Freelance theology got me into some interesting things. I wrote a chapter for a book about Jesus. I had a regular interview slot with Paul Hammond on UCB radio and even went to their lovely studios a couple of times as their live Friday morning guest. If you are one of the people who read my freelance theology posts, who commented, who asked a question, then thank you. Thank you for being part of it. I appreciate it.

The site has been on hiatus since November 2016 and I didn't post at all last year. I had been thinking for a while whether it was time to wind up the project and with the web hosting renewal bill coming in, I have decided it is time to call it quits. In 14 years I answered 222 questions, and I apologise to the handful of people who had questions pending, which I won't be answering now.

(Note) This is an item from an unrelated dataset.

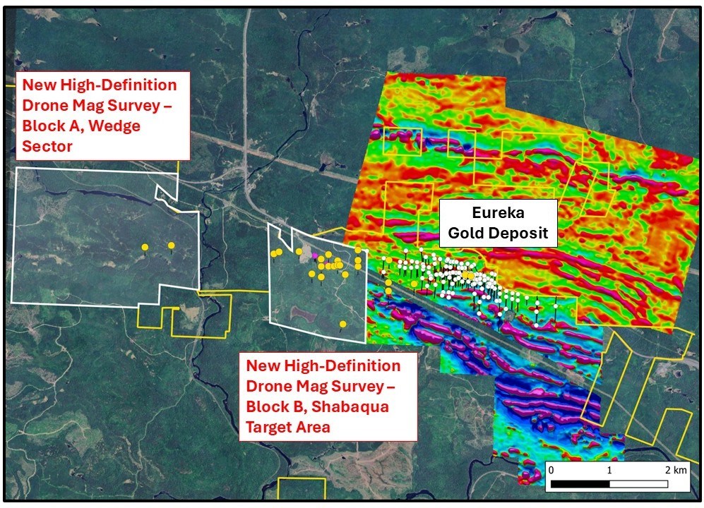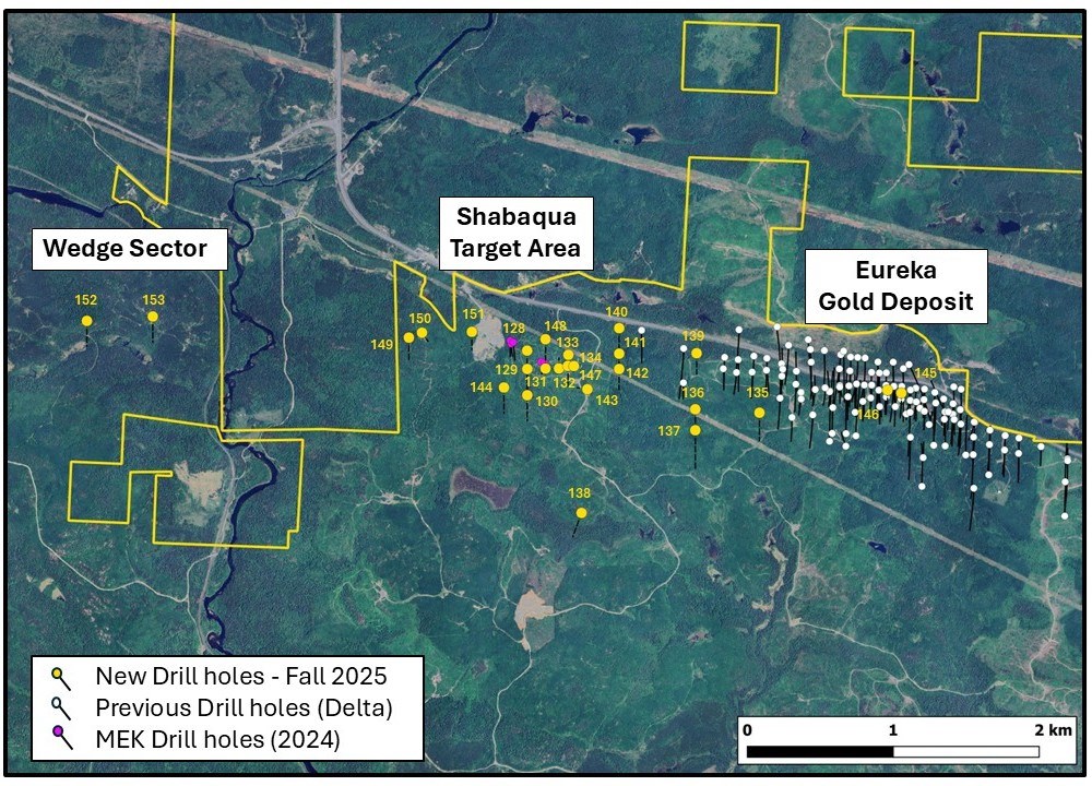 The final two holes targeted the Wedge sector, 5 kilometres west of the Eureka gold deposit and previously undrilled by Delta. Drilling followed 2025 surface mapping, sampling and IP surveys. Delta also completed a high-resolution drone magnetic survey to refine targets ahead of follow-up drilling in the Shabaqua area and Wedge sector. Assay dispatch experienced brief delays; assay results will be reported after QA/QC.

It has been a wrench to close it down. I was 'Jon the freelance theologian' for a long time, but I don't really want to be him any more. I started with lofty aims - possibly even pretentious, arrogant aims - of providing impartial knowledge, sharing all the sides of arguments that are often much more complex than people realise. I still think there is a place for that on the web. I just don't think I am the person to do it any more.

It got hard to be impartial. Being blunt, there is so much in the modern Christian subculture that is either toxic or just plain stupid, I found it really hard not to be sarcastic and / or damning. I was asked a few questions that left me rolling my eyes. And I started to drift away from answering questions and posting excerpts from talks, or comments about other things I saw in church life. Those weren't what freelance theology was about. I could feel the drift and I didn't like it, even though it was my website and my rules.

Rather than let mission-creep overtake the site, I decided it was just time to bring it to a halt. I remember a conversation I had years ago with my dad about church-related activities and he said that people found it easy to start things, but hard to stop them. It is hard to stop. But it is the right thing to do and now is the right time.